Liu Fen, Shang Yun-Xiao
Department of Pediatrics, Shengjing Hospital of China Medical University, Shenyang, China.
Department of Pediatrics, Shengjing Hospital of China Medical University, Shenyang, China.
Int Immunopharmacol. 2020 Mar 3;82:106333. doi: 10.1016/j.intimp.2020.106333.
Allergic asthma is a chronic inflammatory airway disease involving airway remodeling. The histone deacetylase sirtuin6 (SIRT6) has protective effects in cardiac and liver fibrosis; however, its role in airway remodeling is unclear. In this study, we investigated the expression of SIRT6 in a rat model of airway remodeling and observed its effects on the epithelial-mesenchymal transition (EMT) in human bronchial epithelial 16HBE cells.
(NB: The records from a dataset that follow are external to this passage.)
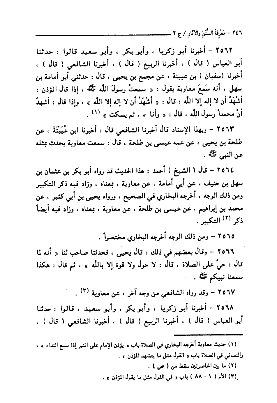 2562 - أَخْبَرَنَا أَبُو زَكَرِيَّا، وَأَبُو بَكْرٍ، وَأَبُو سَعِيدٍ، قَالُوا: حَدَّثَنَا أَبُو الْعَبَّاسِ قَالَ: أَخْبَرَنَا الرَّبِيعُ قَالَ: أَخْبَرَنَا الشَّافِعِيُّ قَالَ: أَخْبَرَنَا سُفْيَانُ بْنُ عُيَيْنَةَ، عَنْ مُجَمِّعِ بْنِ يَحْيَى قَالَ: حَدَّثَنِي أَبُو أُمَامَةَ بْنُ سَهْلٍ أَنَّهُ: سَمِعَ مُعَاوِيَةَ، يَقُولُ: سَمِعْتُ رَسُولَ اللَّهِ صَلَّى اللهُ عَلَيْهِ وَسَلَّمَ §إِذَا قَالَ الْمُؤَذِّنُ: أَشْهَدُ أَنْ لَا إِلَهَ إِلَّا اللَّهُ: قَالَ: «أَشْهَدُ أَنْ لَا إِلَهَ إِلَّا اللَّهُ». وَإِذَا قَالَ: أَشْهَدُ أَنَّ مُحَمَّدًا رَسُولُ اللَّهِ قَالَ: «وَأَنَا» ثُمَّ يَسْكُتُ
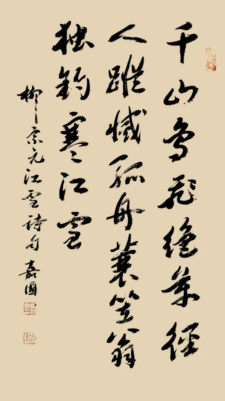行草 唐柳宗元.江雪:千山鸟飞绝,万径人踪灭。孤舟蓑笠翁,独钓寒江雪
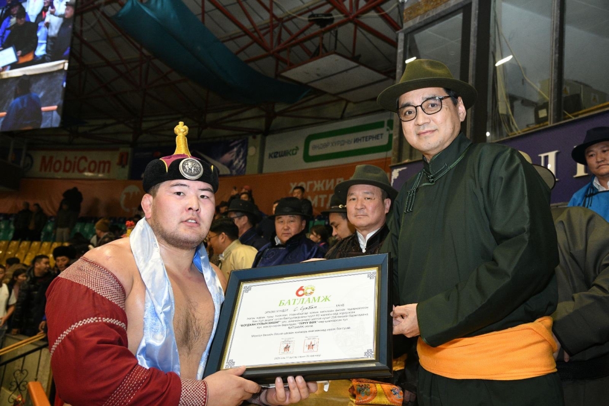 Хан-Уул дүүргийн түүхт 60 жилийн ойд зориулсан “БОГДХАН УУЛЫН ХИШИГ” түрүү, үзүүр, шөвгийн дөрвөн бөхийн шагналыг УИХ-ын гишүүн, УИХ дахь МАН-ын бүлгийн дэд дарга Ж.Алдаржавхлан, Хан-Уул дүүргийн ИТХ-ын дарга Ч. Бат-Оргил, Хан-Уул дүүргийн Засаг дарга Б.Цэрэн нар гардуулж, амжилт хүслээ.
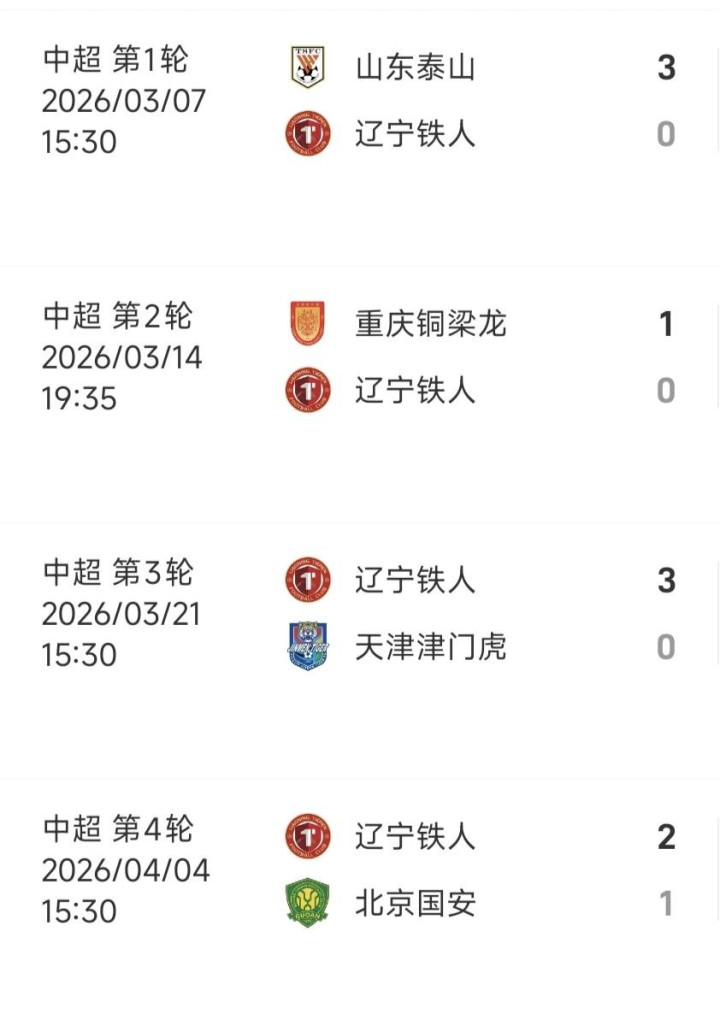 辽宁铁人作为今年的升班马,目前2胜2负积6分排在中超第4。他们赛季开局先是客场0-3被山东泰山打懵,紧接着又0-1输给重庆铜梁龙,两轮下来0进球、0积分。

Sprague-Dawley rats were sensitized and challenged with ovalbumin to induce airway remodeling or with phosphate-buffered saline as a control for different periods. Morphological changes, cell counts in the bronchoalveolar lavage fluid, and SIRT6 expression were assessed. 16HBE cells were transfected with plasmids to silence or overexpress SIRT6. Western blotting, quantitative polymerase chain reaction, Transwell assays, and cell proliferation assays were performed to examine the transforming growth factor (TGF)-β1-induced changes in EMT indicators and EMT-related cell behaviors. SIRT6 expression was upregulated in bronchial epithelial cells from rats with airway remodeling and in TGF-β1-treated 16HBE cells. SIRT6 overexpression affected TGF-β1-induced changes in EMT markers and EMT-like cell behaviors. In particular, SIRT6 overexpression alleviated the reduction in E-cadherin and the increases in N-cadherin, vimentin, alpha-smooth muscle actin, and metalloproteinase-9 levels in TGF-β1-treated 16HBE cells. Forced expression of SIRT6 also decreased the rates of cell migration and proliferation, reduced activation of phosphorylated Smad3 induced by TGF-β1 treatment, suppressed the acetylation level at histone H3K9, and inhibited the transcriptional activity of the c-Jun promotor. These results suggested that SIRT6 expression is upregulated during airway remodeling and modulates EMT in bronchial epithelial cells targeting Smad3 and c-Jun, highlighting a new therapeutic candidate for improving airway remodeling in asthma.
过敏性哮喘是一种涉及气道重塑的慢性炎症性气道疾病。组蛋白去乙酰化酶沉默调节蛋白6(SIRT6)在心脏和肝纤维化中具有保护作用;然而,其在气道重塑中的作用尚不清楚。在本研究中,我们调查了SIRT6在气道重塑大鼠模型中的表达,并观察了其对人支气管上皮16HBE细胞上皮-间质转化(EMT)的影响。将Sprague-Dawley大鼠用卵清蛋白致敏并激发以诱导气道重塑,或用磷酸盐缓冲盐水作为不同时期的对照。评估形态学变化、支气管肺泡灌洗液中的细胞计数和SIRT6表达。用质粒转染16HBE细胞以沉默或过表达SIRT6。进行蛋白质免疫印迹法、定量聚合酶链反应、Transwell试验和细胞增殖试验,以检测转化生长因子(TGF)-β1诱导的EMT指标变化和EMT相关细胞行为。气道重塑大鼠的支气管上皮细胞和TGF-β1处理的16HBE细胞中SIRT6表达上调。SIRT6过表达影响TGF-β1诱导的EMT标志物变化和类EMT细胞行为。特别是,SIRT6过表达减轻了TGF-β1处理的16HBE细胞中E-钙黏蛋白的减少以及N-钙黏蛋白、波形蛋白、α-平滑肌肌动蛋白和金属蛋白酶-9水平的增加。SIRT6的强制表达还降低了细胞迁移和增殖率,降低了TGF-β1处理诱导的磷酸化Smad3的激活,抑制了组蛋白H3K9的乙酰化水平,并抑制了c-Jun启动子的转录活性。这些结果表明,在气道重塑过程中SIRT6表达上调,并通过靶向Smad3和c-Jun调节支气管上皮细胞中的EMT,突出了一种改善哮喘气道重塑的新治疗候选物。